To ensure fairness in final course grades, the School of Law uses an anonymous grading system for examinations. In those courses which examinations are graded anonymously (experiential courses and seminars are generally the only exception), students must place only their exam number on the exam or course paper. Students are therefore also cautioned against writing anything in exams or course papers that is extrinsic to the subject matter of the course, that might develop instructor sympathy, or that has behind it other non-objective motives. When aspects of a course are graded without anonymity, such as when a paper assignment cannot be graded anonymously or grading consideration is given for class participation, the Records Office combines the anonymous and non-anonymous scores into one final grade. Also, M.L.S. students are graded “off” the J.D. curve. As such, depending on how many M.L.S. students are in a given course, anonymity might not be possible if the M.L.S numbers are so few that any submission identifies the student.
For Grading Scale, see the UCLA’s Registrar webpage.
Exceptions to the above Grading Scale are that the Law grade of “P” will be the equivalent of the Graduate Division grade of “S” and the Law grade of “NC” will be the equivalent to the Graduate Division grade of “U.”
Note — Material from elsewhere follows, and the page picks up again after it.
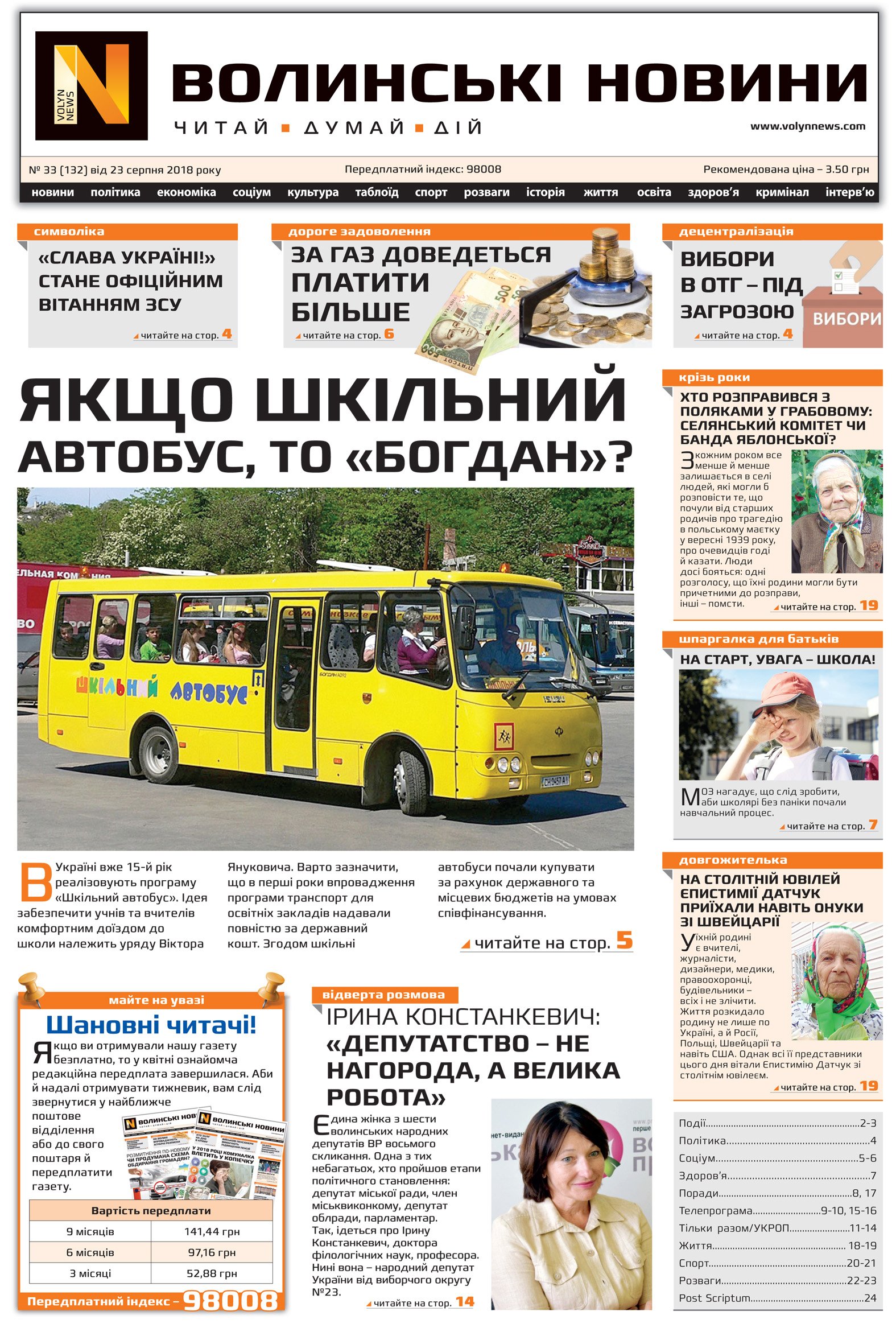 ВОЛИНСЬКІ НОВИНИ №33 (132) ВІД 23.08.2018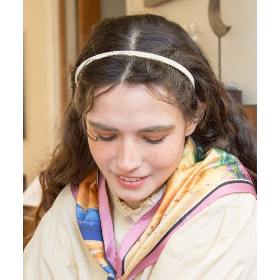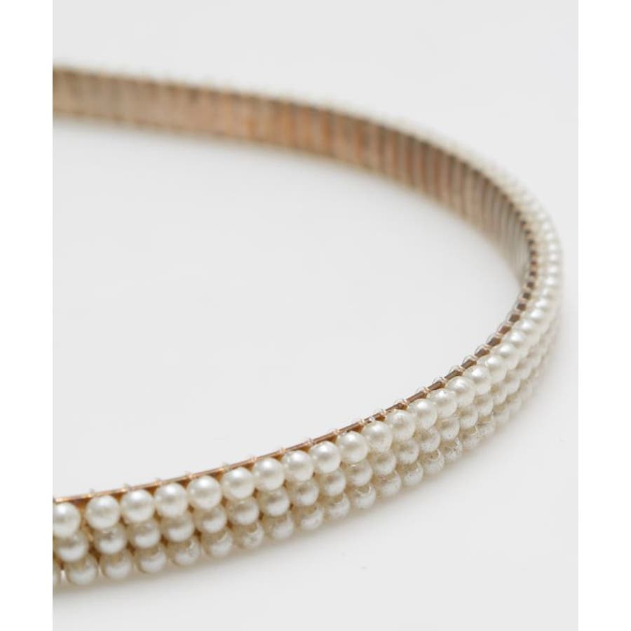 小粒パールを連ねたカチューシャ。上品な光沢が控えめながら存在感を放ち、シンプルなコーデにも華やぎを添えます。日常使いからお呼ばれまで幅広く活躍。

There is no mandatory distribution of grades for M.L.S. students whether they are in courses with J.D. students or courses with only M.L.S. students.
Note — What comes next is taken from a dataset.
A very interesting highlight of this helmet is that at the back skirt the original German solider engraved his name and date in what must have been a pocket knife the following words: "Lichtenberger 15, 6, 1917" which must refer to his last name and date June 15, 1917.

In addition to the grade determined on an anonymous basis, an instructor may give a grade for class performance. This grade may be in the form of an increase or decrease, not exceeding one grading unit (e.g., B to B+ or B–, C+ to B– or to C), or it may be in the form of “points” awarded so long as the points provided for class participation do not exceed 20% of the total points available for the course. An instructor must announce not later than the end of the first week of instruction that grades for class performance will or may be given. The announcement may be verbal, included in the syllabus, or posted on the instructor’s webpage.
The grade for class performance should reflect the quality (as distinguished from mere quantity) of a student’s participation in class discussion. A student should never be penalized for asking questions. However, the class performance grade may reflect a student’s attendance, level of preparation for class and/or performance on assigned exercises.
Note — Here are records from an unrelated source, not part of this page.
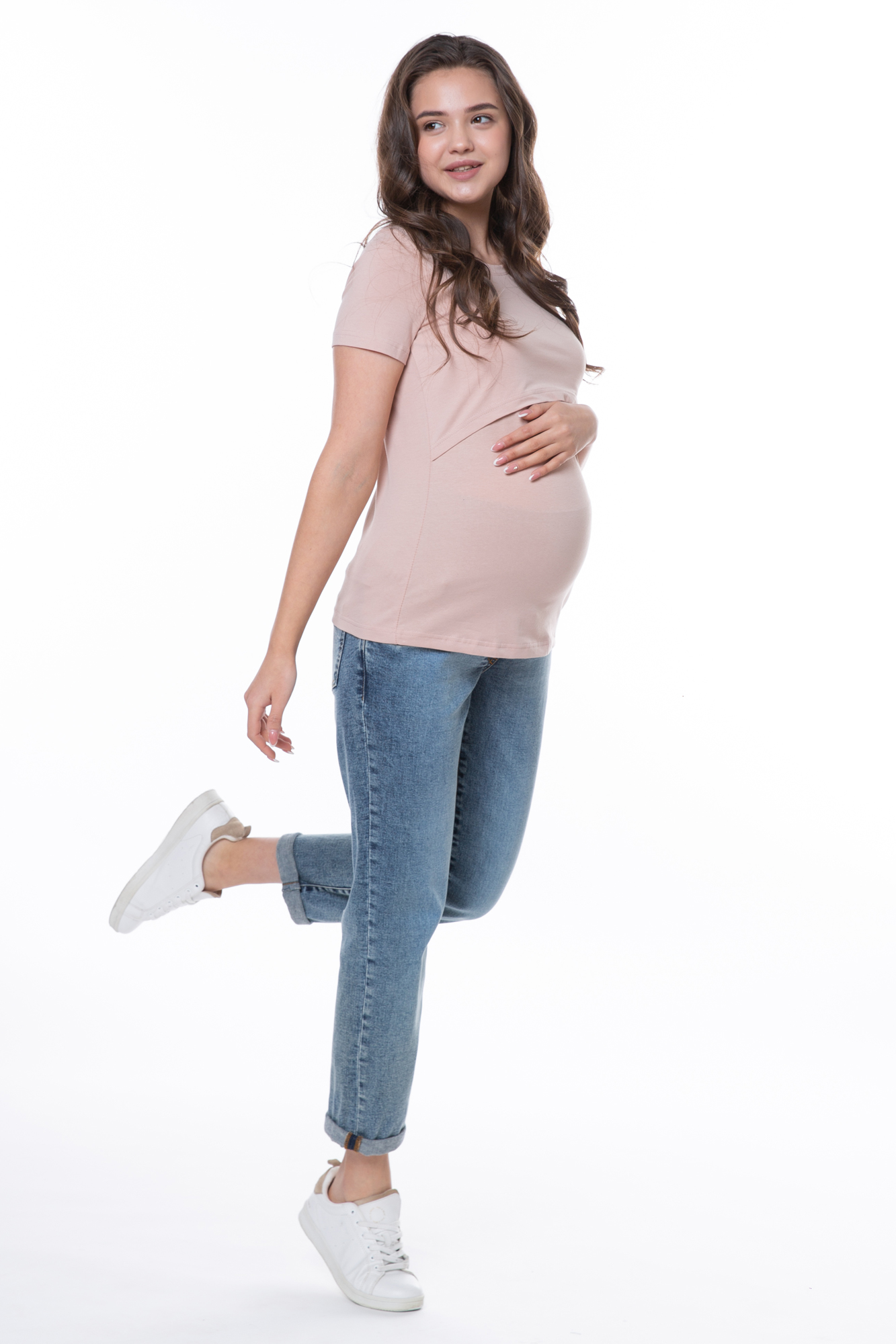 Приталенная футболка из хлопка для беременных и кормящих. Благодаря сборкам по бокам, можно носить футболку на любом сроке беременности и после нее. Изящный принт не смывается при стирке. Секрет кормления позволяет комфортно покормить малыша в любой ситуации.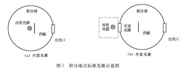 圖1給出了兩種常見的積分球式標準光源(以下簡稱積分球光源)示意圖。積分球光源通常至少由一個積分球和內(nèi)置或外置光源組成。光源通常為鹵鎢燈、發(fā)光二極管光源(tight emitting diode光源,簡稱LED燈)或氬燈。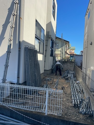 川口市にて、改修工事用の仮設足場を設置中。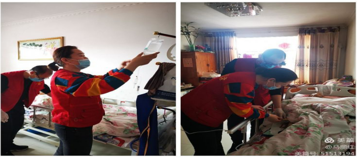 阳春三月,乌海市人民医院泌尿外科医疗志愿者走进新天地小区为一瘫痪多年,尿潴留长期留置尿管、有尿道漏的一名患者进行家庭护理,医生宫兆元为患者进行病情评估,更换导尿管。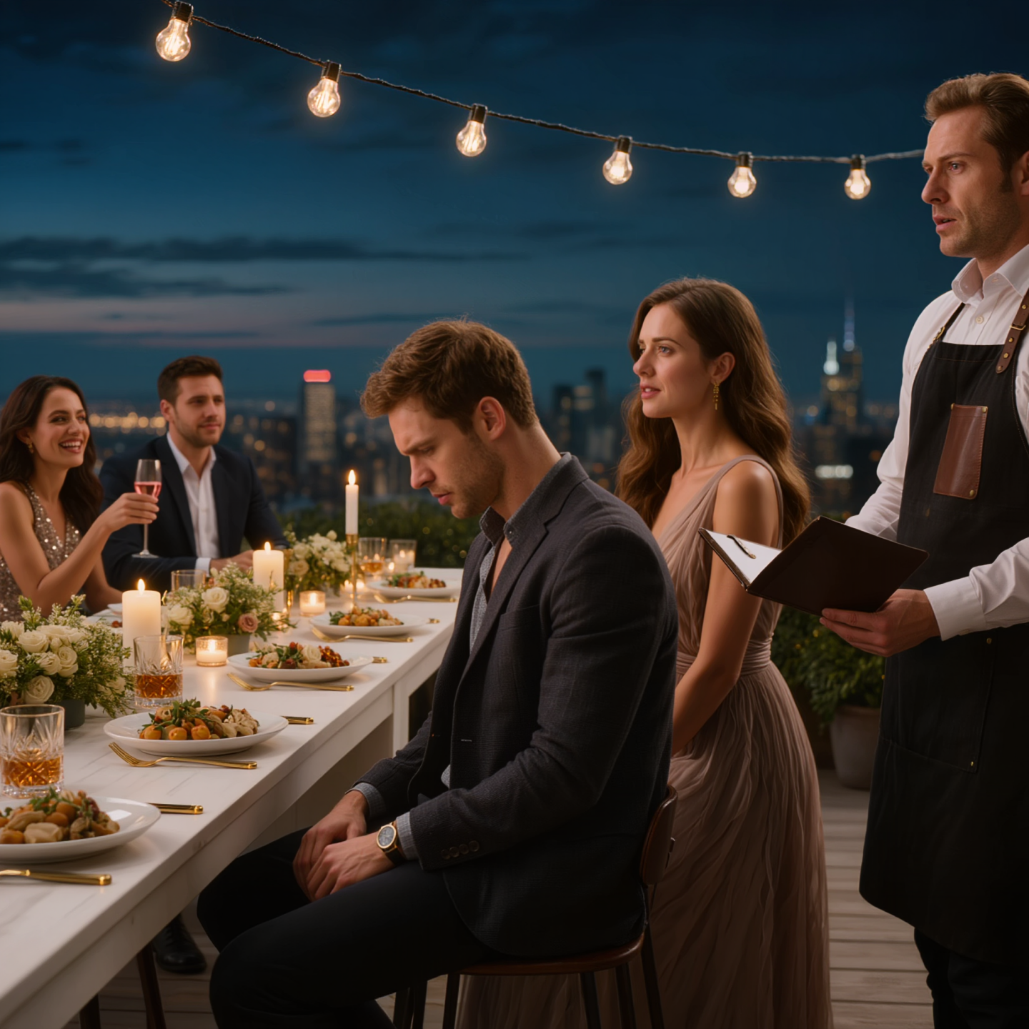 The dinner was at a rooftop venue downtown, one of those places where everything is “aesthetic.” Edison bulbs hanging like a Pinterest board. $25 cocktails with flower petals floating on top. A view designed for engagement photos.

In courses for which grading is not primarily anonymous, such as seminars, letter-graded experiential courses and “hybrid” courses in which grading is only partially anonymous (determined by a non-anonymous paper and an anonymous exam), participation can count for more than one grading unit at the professor’s discretion.
Students may prospectively elect to be graded on a Pass/No Credit basis in no more than one (1) course, carrying no more than four (4) semester units of credit. This option must be elected by the last day of instruction.
The above option applies to courses in which letter grades would otherwise be assigned.
This option, once elected, shall not be revocable or transferable, even if hindsight proves conclusively that a different choice would have been more beneficial.